Комендоры выбили из стволов звонкие стаканы, зарядили орудия снова — адмирал Лесовский, этот буйный «дядька Степан», уже выжидал с «Европы» своей порции уважения, как заядлый пьяница ждет в гостях рюмочки водки.
— Флагу адмирала… салют! — Затем Чайковский спо койно снял перчатки. — Поздравляю, господа: мы в Японии. Эй, на баке: стопора наложить. Эй, в плутонгах: от пушек отойти!.. Бог уж с ним, с этим вонючим керосином, — заключил он. — Но вы, молодежь, все-таки дышите глубже. Япония имеет особый аромат, и, кстати, волосы японских женщин таят в себе невыразимое благоухание этой удивительной страны…
…Четверть тысячелетия Японией управлял клан могучих сегунов из самурайского рода Токугава, а сам микадо, потомок солнечной богини Аматэрасу, наслаждался бессильным величием в вычурных садах Киото. Самоизоляция страны напоминала пожизненное заключение: одно поколение сменяло другое, а сёгунат не допускал общения с иностранцами. Японцам же, побывавшим в чужих краях, грозила смертная казнь по возвращении на родину. Островитяне были уверены, что все европейцы «варвары». Но морские бури не раз выносили японских рыбаков на чужие берега.
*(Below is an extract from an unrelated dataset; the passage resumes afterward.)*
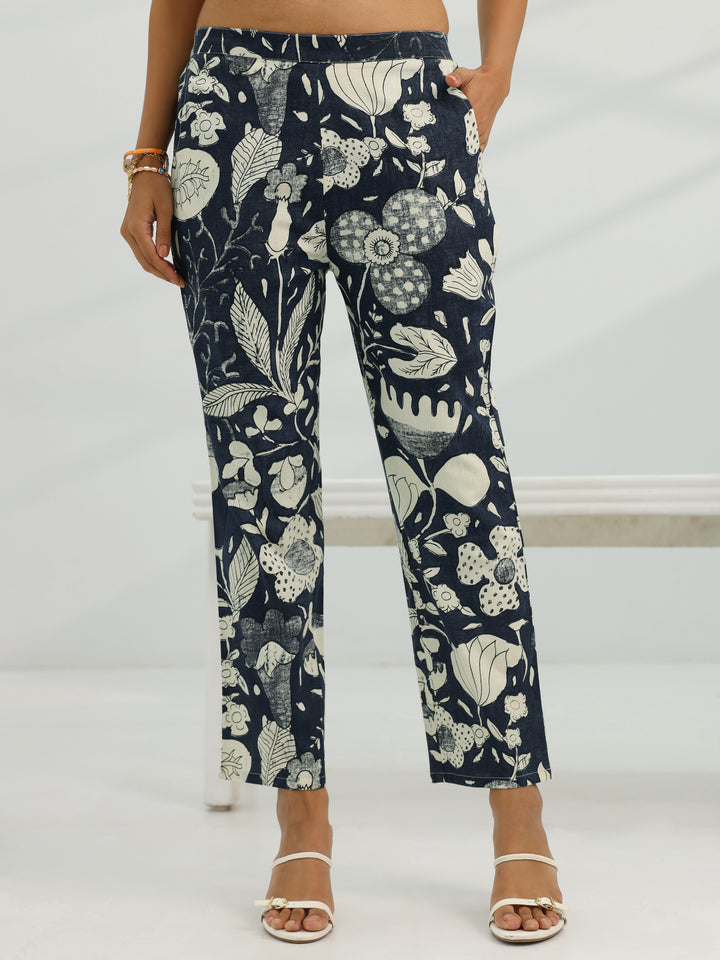 Our 2-piece Navy Blue Cotton Straight-fit Kurta Set features a V-Neckline, Regular Sleeves, and statement Yoke. Complemented with Straight Pants with a Partially Elasticated waistband and 2 pockets. Adorned with Ethnic Motif Printed Floral accents, this style is perfect for Casual wear.

Россия японцев крестила, они полностью растворялись в нашей разгульной жизни. Какова же была растерянность сёгуната в XVIII веке, когда стало известно, что в Сибири существует школа, в которой сами же японцы преподают русским свой язык… Между тем народ Японии никогда не был народом покорным. В 1867 году Токугава были вынуждены передать власть микадо Муцухито, еще мальчику, который из Киото переехал в город Эдо, сделав его столицей с новым названием -Токио… Так начиналась бурная «эпоха Мэйдзи» (1867 -1912)! А сейчас с рейда «Наезднику» салютовали корабли многих стран, и лейтенант Атрыганьев обратил внимание мичманов на это забавное космополитическое соседство вымпелов — как результат политики открытых дверей:
— В газетах пишут, что капитализм нуждается в новых рынках сбыта. Как это понять — не знаю. Наверное, когда товар сильно подмочен и покрылся плесенью, королева Виктория дремлет уже вполглаза, обеспокоенная — кому бы продать свое барахло подороже? А тут открылась веселая лавочка в Японии…
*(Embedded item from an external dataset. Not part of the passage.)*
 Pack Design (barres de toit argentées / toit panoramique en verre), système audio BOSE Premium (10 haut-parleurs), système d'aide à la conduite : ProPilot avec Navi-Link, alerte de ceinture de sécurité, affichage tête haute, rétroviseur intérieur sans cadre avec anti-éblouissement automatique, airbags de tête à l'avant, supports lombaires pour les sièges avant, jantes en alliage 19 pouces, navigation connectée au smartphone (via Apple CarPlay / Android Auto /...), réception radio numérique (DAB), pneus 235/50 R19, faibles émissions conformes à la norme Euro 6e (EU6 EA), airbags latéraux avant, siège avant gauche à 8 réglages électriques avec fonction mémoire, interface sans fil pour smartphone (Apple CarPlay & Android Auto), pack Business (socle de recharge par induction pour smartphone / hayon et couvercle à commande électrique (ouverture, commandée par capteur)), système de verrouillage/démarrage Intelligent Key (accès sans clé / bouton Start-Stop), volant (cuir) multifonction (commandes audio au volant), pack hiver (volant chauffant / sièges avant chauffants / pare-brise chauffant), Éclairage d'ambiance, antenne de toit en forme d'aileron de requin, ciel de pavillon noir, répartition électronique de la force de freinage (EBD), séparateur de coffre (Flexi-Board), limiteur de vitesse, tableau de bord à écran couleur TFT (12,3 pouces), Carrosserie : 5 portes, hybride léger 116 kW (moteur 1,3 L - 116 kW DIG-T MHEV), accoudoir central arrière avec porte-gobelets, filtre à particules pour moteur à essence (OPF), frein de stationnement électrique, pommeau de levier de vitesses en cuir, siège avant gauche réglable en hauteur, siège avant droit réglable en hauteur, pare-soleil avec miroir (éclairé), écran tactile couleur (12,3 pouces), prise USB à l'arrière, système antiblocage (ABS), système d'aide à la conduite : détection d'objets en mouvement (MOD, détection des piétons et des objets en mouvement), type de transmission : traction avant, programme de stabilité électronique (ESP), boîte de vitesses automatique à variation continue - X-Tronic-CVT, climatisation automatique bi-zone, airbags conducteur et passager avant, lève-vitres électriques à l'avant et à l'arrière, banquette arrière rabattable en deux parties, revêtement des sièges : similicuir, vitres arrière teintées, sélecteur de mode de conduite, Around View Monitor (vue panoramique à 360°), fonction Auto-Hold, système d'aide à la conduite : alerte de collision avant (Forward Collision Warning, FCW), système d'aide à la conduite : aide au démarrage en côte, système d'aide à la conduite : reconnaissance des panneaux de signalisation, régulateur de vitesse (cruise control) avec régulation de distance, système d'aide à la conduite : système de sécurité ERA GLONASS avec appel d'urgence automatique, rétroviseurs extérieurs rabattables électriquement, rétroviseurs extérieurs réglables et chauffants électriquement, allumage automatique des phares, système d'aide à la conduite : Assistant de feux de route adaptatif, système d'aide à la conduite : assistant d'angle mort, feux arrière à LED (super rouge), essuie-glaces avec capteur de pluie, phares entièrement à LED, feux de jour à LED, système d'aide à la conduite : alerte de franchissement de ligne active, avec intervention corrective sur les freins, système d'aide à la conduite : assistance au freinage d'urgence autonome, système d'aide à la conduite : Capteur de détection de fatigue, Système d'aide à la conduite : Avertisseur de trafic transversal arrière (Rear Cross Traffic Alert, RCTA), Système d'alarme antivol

Открывшись перед миром, японцы поначалу давали очень мало — зонтики и гравюры, веревки и циновки, изящные веера и легенды о преданных гейшах, умеющих любить с изощренной тонкостью. Но зато брали японцы
у своих нахальных «открывателей» чересчур много — секреты закалки бессемеровской стали и котлы системы Бельвилля, локомотивы фирмы Борзига и оптические линзы Цейса. С каждым годом Япония смелее вторгалась в международную жизнь, алчно перенимая все подряд, что попадалось на глаза, будь то пушечные затворы, изобретенные на заводах Армстронга, или исполнение капельмейстером Эккертом «Марша Бисмарка» на духовых инструментах. Казалось, островитяне действовали по принципу заядлых барахольщиков: вали все в одну кучу, потом разберемся…
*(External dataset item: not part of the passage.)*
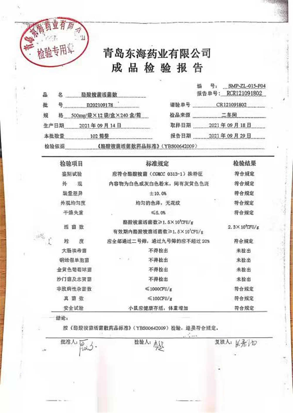 酪酸梭菌活菌散 | 500mg*12袋 | B202109178 | 查看详情 |

С высоты марсов, закрепив паруса, матросы уже сбегали по вантам на палубу, как ловкие акробаты сыплются на манеж из-под купола цирка. Стало тихо. Коковцев расслышал стрекотание цикад на берегу, далекую музыку. Леня Эйлер спросил его:
— Тебе не кажется, что на этом берегу нас ожидает нечто странное? Такое, что никогда больше не повторится.
— Меня пленяет эта музыка, — ответил Коковцев.
— Играют японки, — пояснил Чайковский. — Очевидно, офицеры с наших крейсеров мотают последние деньги на иносских красавиц. Вы, — сказал он Коковцеву, — не туда смотрите: огни Иносы светят нам по левому борту. Когда-то была деревенька, а теперь стала пригородом Нагасаки…
В темнеющей зелени садов разгорались бумажные-фонарики. Атрыганьев спрыгнул на мостик с ходового «банкета":
— Вы не поверите! Когда я был в Нагасаки четыре года назад, нас окружили лодки — фунэ, с которых японцы торговали дочерьми, словно дешевой редиской. Теперь по указу микадо девиц разрешено продавать только на фабрики. Временное житейское счастье обретается в Японии по контракту. Этот обычай здесь никого не смущает, и вы, хомяки, не смущайтесь…
Офицеры покинули мостик, а Коковцев еще долго впитывал в себя запахи чужой, незнакомой земли. Большая противная крыса, волоча по палубе облысевший от старости хвост, протащила в люк сухарь, украденный у зазевавшегося матроса.
* * *
Мичман нехотя спустился в кают-компанию. На столе валялись огрызки ананасов, початые коробки манильских сигар. Между абажурами, раскачивая их, прыгали резвые обезьяны.
— О чем разговор, господа?
— Обсуждаем, какой завтра будет нагоняй от адмирала…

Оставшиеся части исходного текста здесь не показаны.